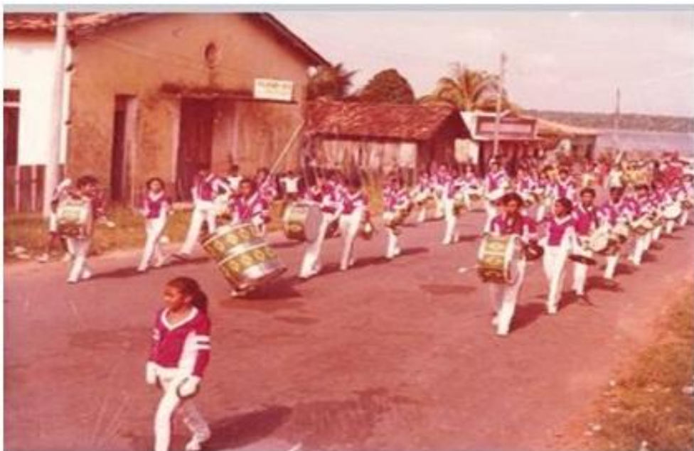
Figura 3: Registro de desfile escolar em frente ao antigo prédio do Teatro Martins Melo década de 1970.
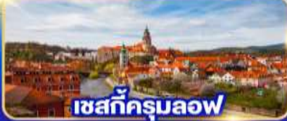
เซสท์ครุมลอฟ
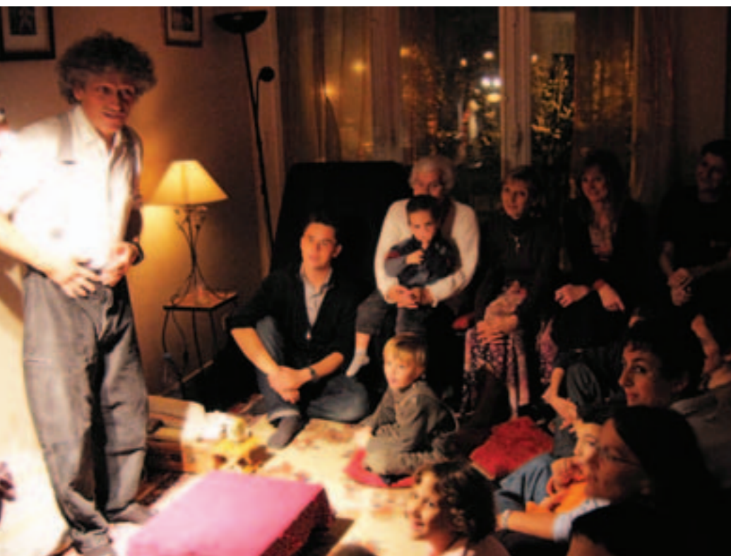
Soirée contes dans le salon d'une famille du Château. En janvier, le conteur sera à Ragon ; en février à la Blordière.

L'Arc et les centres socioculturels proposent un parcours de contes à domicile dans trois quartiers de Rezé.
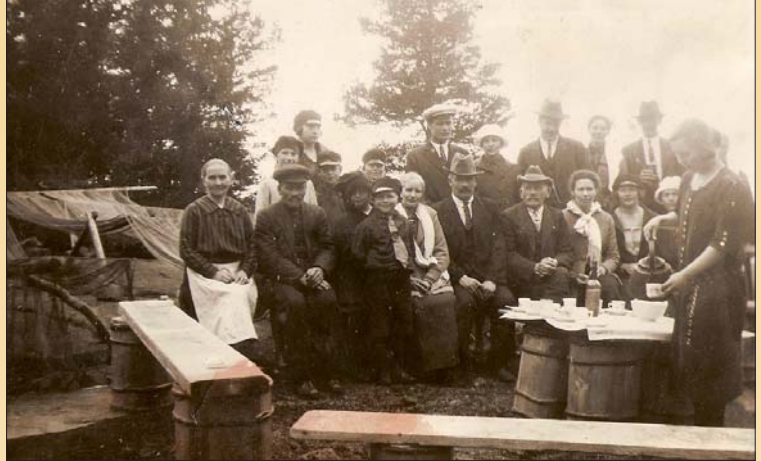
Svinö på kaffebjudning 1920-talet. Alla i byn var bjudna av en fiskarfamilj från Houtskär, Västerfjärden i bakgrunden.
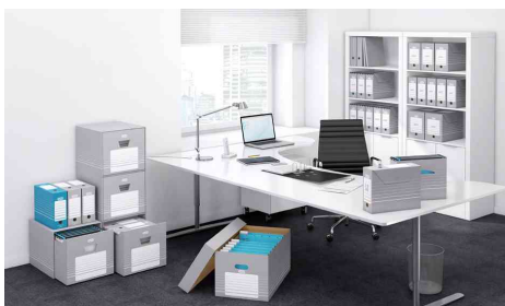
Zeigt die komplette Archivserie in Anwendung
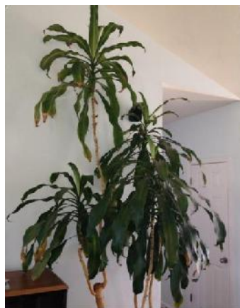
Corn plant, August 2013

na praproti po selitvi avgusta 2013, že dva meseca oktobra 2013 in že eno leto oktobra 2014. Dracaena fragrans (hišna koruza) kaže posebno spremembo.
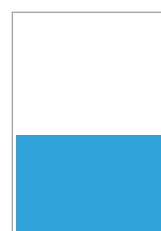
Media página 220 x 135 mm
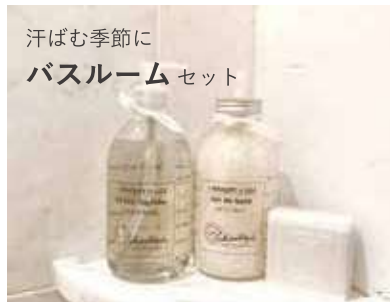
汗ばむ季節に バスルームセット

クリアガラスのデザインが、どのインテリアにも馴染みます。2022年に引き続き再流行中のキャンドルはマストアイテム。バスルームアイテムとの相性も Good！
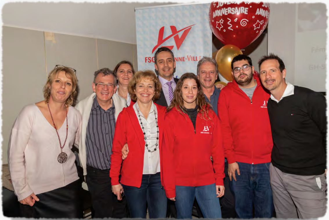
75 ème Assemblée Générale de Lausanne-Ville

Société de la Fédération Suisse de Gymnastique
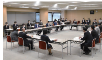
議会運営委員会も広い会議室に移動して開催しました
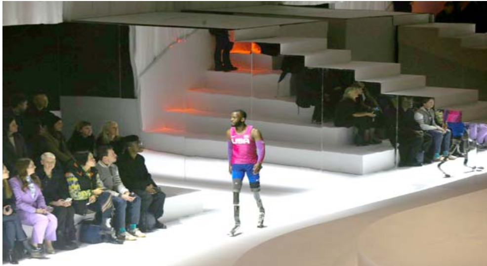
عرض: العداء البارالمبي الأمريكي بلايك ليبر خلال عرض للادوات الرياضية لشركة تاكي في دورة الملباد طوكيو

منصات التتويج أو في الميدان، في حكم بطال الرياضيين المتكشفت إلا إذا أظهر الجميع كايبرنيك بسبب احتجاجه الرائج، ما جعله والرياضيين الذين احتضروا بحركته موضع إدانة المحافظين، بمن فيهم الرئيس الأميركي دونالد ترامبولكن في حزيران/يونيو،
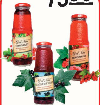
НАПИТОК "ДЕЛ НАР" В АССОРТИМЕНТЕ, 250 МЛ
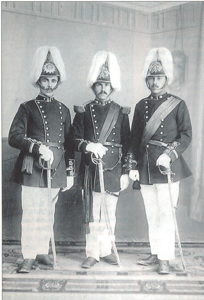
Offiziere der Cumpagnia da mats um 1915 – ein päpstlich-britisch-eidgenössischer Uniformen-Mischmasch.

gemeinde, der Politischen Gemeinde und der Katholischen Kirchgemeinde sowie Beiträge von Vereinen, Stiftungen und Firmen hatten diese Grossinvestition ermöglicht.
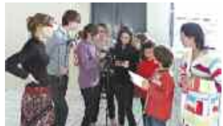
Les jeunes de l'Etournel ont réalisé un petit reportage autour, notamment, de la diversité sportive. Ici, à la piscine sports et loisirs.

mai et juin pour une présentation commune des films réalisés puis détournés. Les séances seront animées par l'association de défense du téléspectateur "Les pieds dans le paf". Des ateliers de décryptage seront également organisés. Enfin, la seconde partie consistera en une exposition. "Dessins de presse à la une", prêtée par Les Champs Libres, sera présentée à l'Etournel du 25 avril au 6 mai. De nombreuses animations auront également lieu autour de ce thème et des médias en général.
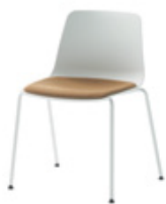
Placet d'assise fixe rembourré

* * * *

• _EXERCISE_
Count every line in the records that holds "contes" and give that count by itself.

• _WRITTEN SOLUTION_
2